• **Your objective**: Down to the last line, reproduce the data that follows, but skip the pictures.

** Data below follows **

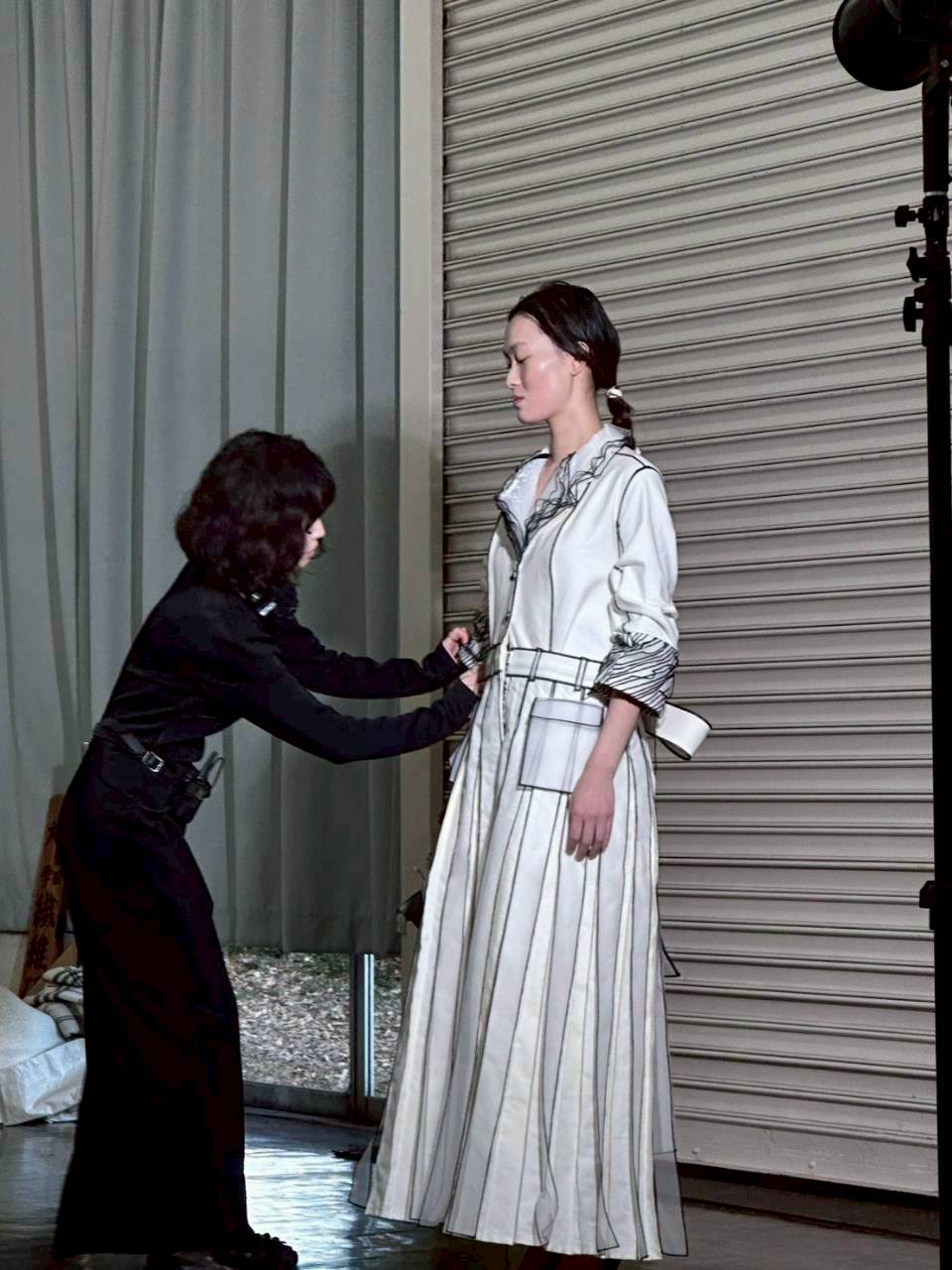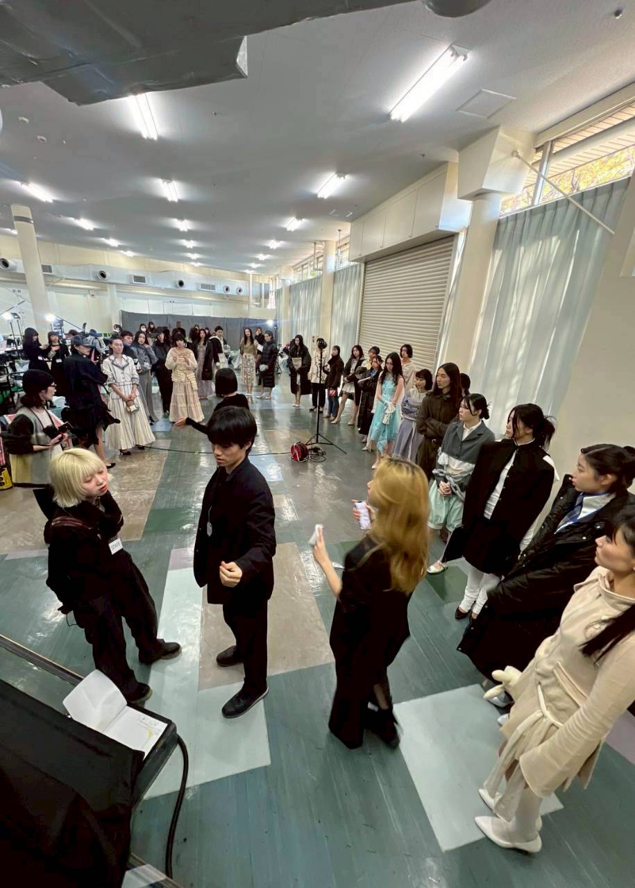 長野桃子(以下、長野):コンセプトを練り始めたのは2025年1月頃。並行して“服造”“演出”“広報”など各部門の担当を決め、服造チームが実際に服作りを始めたのは8月頃です(8月にはルックブック撮影があり、それを終えてから)。また会場の選定を行うため、5、6箇所ほど下見に行きました。
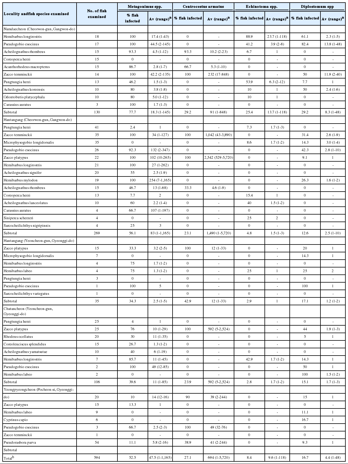Table 4.Infection status of Stephanoprora spp. metacercariae in fishes from the water systems of Hantangang and Imjingang in Korea
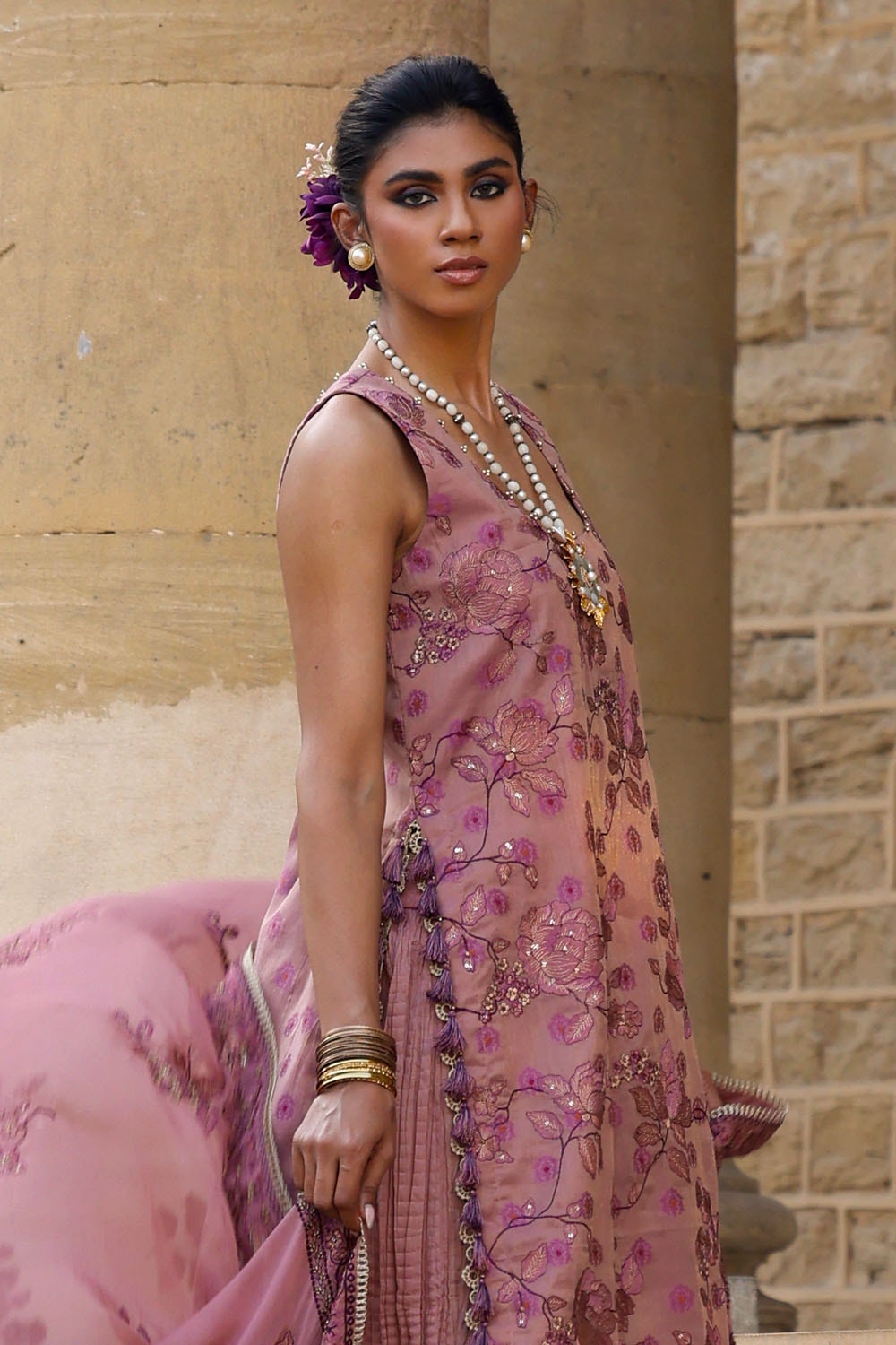 Embroidered Mehsuri Jacquard Shirt Front & Sleeves with Mehsuri Jacquard Back. Embroidered Borders for Front, Back & Sleeves on Organza - 3.05 Meters
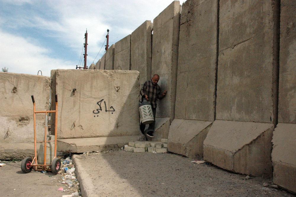2013年3月20日,在伊拉克首都巴格达,一名伊拉克人从防爆墙的缝隙之间穿过。新华社发(巴沙尔摄)

** End of Data below **

• **Solution**:
 長野桃子(以下、長野):コンセプトを練り始めたのは2025年1月頃。並行して“服造”“演出”“広報”など各部門の担当を決め、服造チームが実際に服作りを始めたのは8月頃です(8月にはルックブック撮影があり、それを終えてから)。また会場の選定を行うため、5、6箇所ほど下見に行きました。
Table 4.Infection status of Stephanoprora spp. metacercariae in fishes from the water systems of Hantangang and Imjingang in Korea
 Embroidered Mehsuri Jacquard Shirt Front & Sleeves with Mehsuri Jacquard Back. Embroidered Borders for Front, Back & Sleeves on Organza - 3.05 Meters
2013年3月20日,在伊拉克首都巴格达,一名伊拉克人从防爆墙的缝隙之间穿过。新华社发(巴沙尔摄)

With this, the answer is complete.